Thera Patient Support can assist with private or government insurance coverage, including AIDS Drug Assistance Program (ADAP), and will also assist in applying any eligible co‑pay assistance. Commercially insured patients may be eligible for co-pay assistance and may pay as little as $0. Call (833) 23-THERA (833-238-4372), or go to therapatientsupport.com.
Dr. Melanie Thompson:
The only approved monoclonal antibody for HIV treatment, ibalizumab blocks the CD4 receptor and prevents the virus from infecting these crucial cells. It is not dependent on CCR5 or CXCR4, and is active against virus resistant to all other HIV drugs. It is only approved for people with highly resistant virus, and at least one other active drug is needed to get durable benefit. The more active drugs, the better.
It is administered intravenously every two weeks, so it is complicated to receive, and is generally administered at infusion centers but can also be arranged through home health in some situations.
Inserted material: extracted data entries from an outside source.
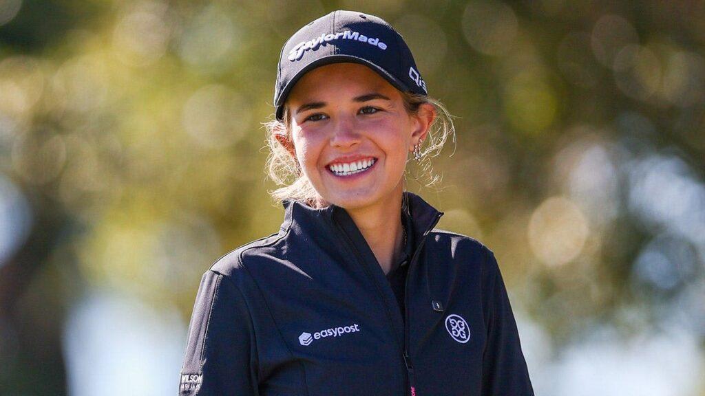 Kai Trump, a University of Miami commit, plays her tee shot on the second hole during The Annika at Pelican on Nov. 13, 2025, at Pelican Golf Club in Belleair, Florida. (Brian Spurlock/Sportswire Icon)
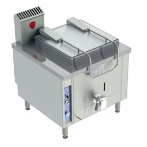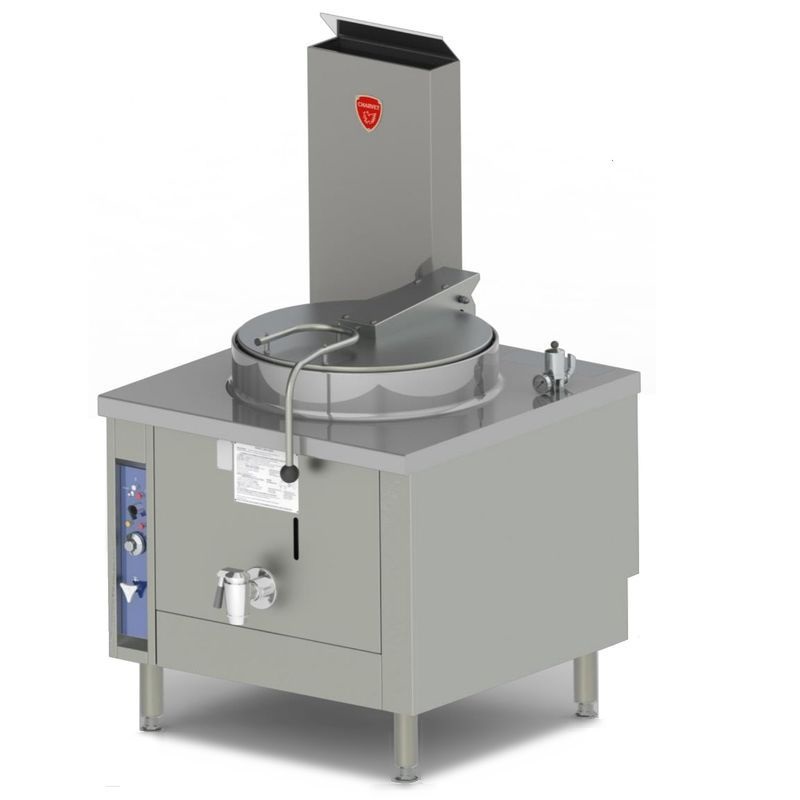 Construction en acier inoxydable. Châssis porteur AISI 304 de 10 à 30/10° d’épaisseur, assemblé par soudures électriques haute intensité. Encadrement du dessus en inox AISI 304 de 30/10° d’épaisseur, à bord droit tombé de 55 mm avec contrepli. Cuve à panache chaudronnée, parois en acier inoxydable AISI 304 de 30/10° d’épaisseur, fond bombé et penté en acier inoxydable 316L (cuissons de salaisons, etc). Angles horizontaux arrondis, crépine inox amovible, vidange en façade par robinet en bronze chromé à poignée rabattable. Double enveloppe inox AISI 304 épaisseur 30/10° avec soupape de sécurité à 330 gr. Remplissage par robinet 3 voies (raccordement sur adoucisseur recommandé). Vidange par rejet en caniveau. Couvercle en acier inox AISI 304 de 15/10° d’épaisseur, avec charnière à ressorts permettant le maintien en position ouverte, et poignée de maoeuvre en tube inox avec embout en matériau athermique. Commandes facilement accessibles, sur bandeau vertical émaillé à gauche en façade de l’appareil.
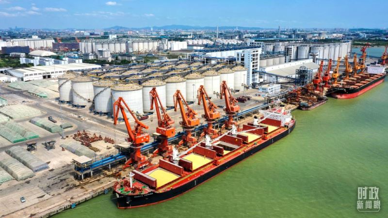 △从南非进口的首船饲料玉米靠泊中国广东麻涌港。(资料图)
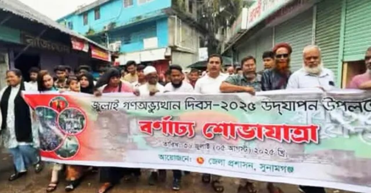 আজ মঙ্গলবার ৫ আগস্ট দুপুরে জেলা প্রশাসনের আয়োজনে প্রথমে সুনামগঞ্জ জেলা প্রশাসকের কার্যালয়ের সামনে থেকে শোভাযাত্রাটি বের হয়ে শহরের গুরুত্বপূর্ণ সড়ক প্রদক্ষিণ করে জেলা শিল্পকলা একাডেমির হল রুমে গিয়ে আলোচনা সভায় মিলিত হয়।
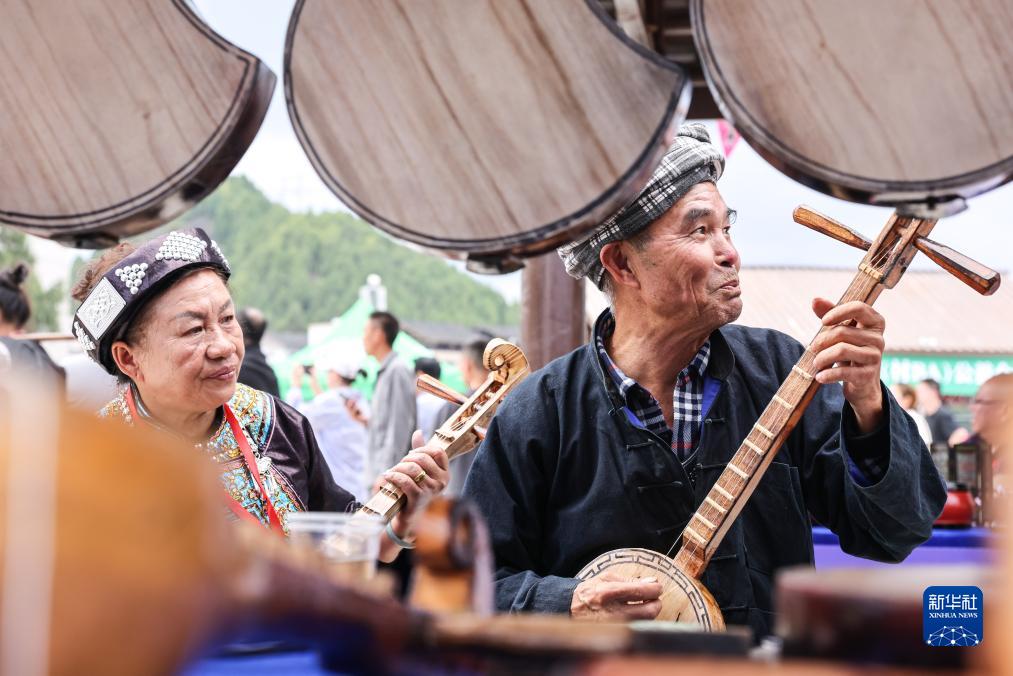 10月25日,布依族藝人在臺江縣球場(chǎng)旁搭建的非遺集市上演奏月琴。

A nice feature is that there are no concerns about drug interactions with Trogarzo.
It carries an astronomical price tag of over $100K per year, not counting administration costs, but there is a patient assistance program for drug costs through Theratechnologies.
With better treatments like INSTIs, the number of people with highly resistant virus is relatively small and, hopefully, will continue to decrease if people get the support they need to stay in care and on medication. Therefore, Trogarzo is a little used treatment, but very important for those who need it while waiting for new drug options.
Activist Bridgette Picou:
Another newer drug in the HIV fight is Trogarzo. It’s fascinating to me the way it fights HIV. It binds to the cell, preventing virus entry by acting like the body’s own immune system. The use of this therapy is intended for someone with multi-drug resistance across drug classes. You will continue your current regimen while taking Trogarzo. Getting an infusion every two weeks is a commitment, so you will need to work with your health care team to figure out how best it works for you. Consider your tolerability to needles and infusions before starting.